Why? Because a single prompt is trying to do too many things at once: understand the job, understand your experience, reorganize content, match keywords, assess fit, and format output. Each of these is a distinct cognitive task that benefits from focused attention.
The Hypothesis
What if we broke the problem into specialized agents — each focused on one step — connected by a pipeline with structured contracts between them?
This is the same principle behind microservices, Unix pipes, and assembly lines: specialized components connected by clear interfaces outperform monolithic systems for complex tasks.
Architecture Overview
CV Tailor uses 6 sequential agents orchestrated by a state machine:
Job Posting → [Job Interpreter] → JobBrief
↓
Your Profile → [CV Selector] → Draft CV
↓
[Fit Validator] → FitReport (score + gaps)
↓
score < threshold? → [Interviewer] → Questions
↓
Your Answers → [Facts Updater] → Updated Profile
↓
(loop back to CV Selector)
↓
score >= threshold → [LaTeX Agent] → PDFEach agent is a pure function with Zod-validated input/output schemas. No agent knows about the others — they communicate only through structured data.
Agent 1: Job Interpreter
Input: Raw job posting text (plain text or HTML) Output: Structured JobBrief (Zod-validated JSON)
The Job Interpreter's job is to extract signal from noise. A job posting contains a mix of real requirements, nice-to-haves, company boilerplate, and legal disclaimers. The agent parses this into structured fields: role title, seniority, key requirements, preferred skills, company context, and hiring signals.
The critical insight: extracting implicit requirements is as important as stated ones. "Fast-paced startup environment" implies adaptability and comfort with ambiguity. "Cross-functional collaboration" implies communication skills and stakeholder management.
Agent 2: CV Selector
Input: User's profile facts + JobBrief Output: Tailored CV in Markdown
This agent doesn't rewrite your resume — it selects and reframes. Given your full profile (achievements, projects, skills, context) and the structured job brief, it picks the most relevant experiences and frames them in the language of the target role.
We chose Markdown as the intermediate format because it's human-readable, easy to diff, and cleanly separates content from presentation. The LaTeX formatting happens later.
Agent 3: Fit Validator
Input: Draft CV + JobBrief Output: FitReport — score (0-100) + structured gap list
This is where semantic scoring diverges from keyword matching. Instead of counting keyword overlaps, the Fit Validator evaluates structural alignment:
- Does the CV demonstrate the key competencies the role requires?
- Are there specific gaps where the candidate likely has experience but hasn't mentioned it?
- Is the seniority level appropriate?
Each gap is returned as a structured object with the requirement, what's missing, and why it matters for this role.
Agent 4: Interviewer
Input: FitReport gaps + user profile Output: Targeted questions
This is CV Tailor's most unique feature.
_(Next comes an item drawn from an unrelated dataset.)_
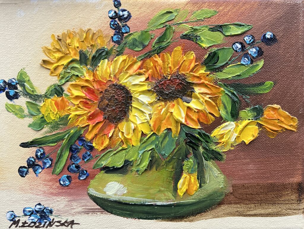 In this vivacious display of color and texture, the artist conjures a bouquet that feels almost alive with movement and vitality. Two luminous sunflowers command the center, their vibrant petals cascading in shades of sunny yellow and fiery orange, contrasted by the lush, green foliage that dances around them. The rich impasto technique lends depth and a tactile quality, inviting viewers to almost feel the petals' silken edges.

When the Fit Validator identifies gaps, the Interviewer generates specific questions designed to surface relevant experience the user forgot to include.
Not "Tell me about your leadership experience" — but "The role requires stakeholder management. You led the payment integration at [Company]. Can you describe a time you presented technical decisions to non-technical leadership during that project?"
The specificity matters. Generic questions get generic answers. Targeted questions unlock real experiences.
Agent 5: Facts Updater
Input: Interview answers + existing profile facts Output: Merged, updated profile facts
The user's answers need to be integrated into their profile without overwriting existing data. This agent handles the merge: adding new facts, enriching existing ones, and maintaining the structural integrity of the profile.
Agent 6: LaTeX Agent
Input: Final CV Markdown Output: LaTeX source + compiled PDF
The last agent converts the Markdown CV into professional LaTeX, then compiles it to PDF using Tectonic. The result has real typographic quality — proper kerning, ligatures, and layout — that HTML-to-PDF converters can't match.
The Iteration Loop
After the Fit Validator scores the draft, the pipeline checks: is the score above threshold (default: 75)? If not, it loops through agents 4-5 (interview + update), then re-runs agents 2-3 (draft + score). This continues until the fit score exceeds the threshold or max iterations (default: 3) are reached.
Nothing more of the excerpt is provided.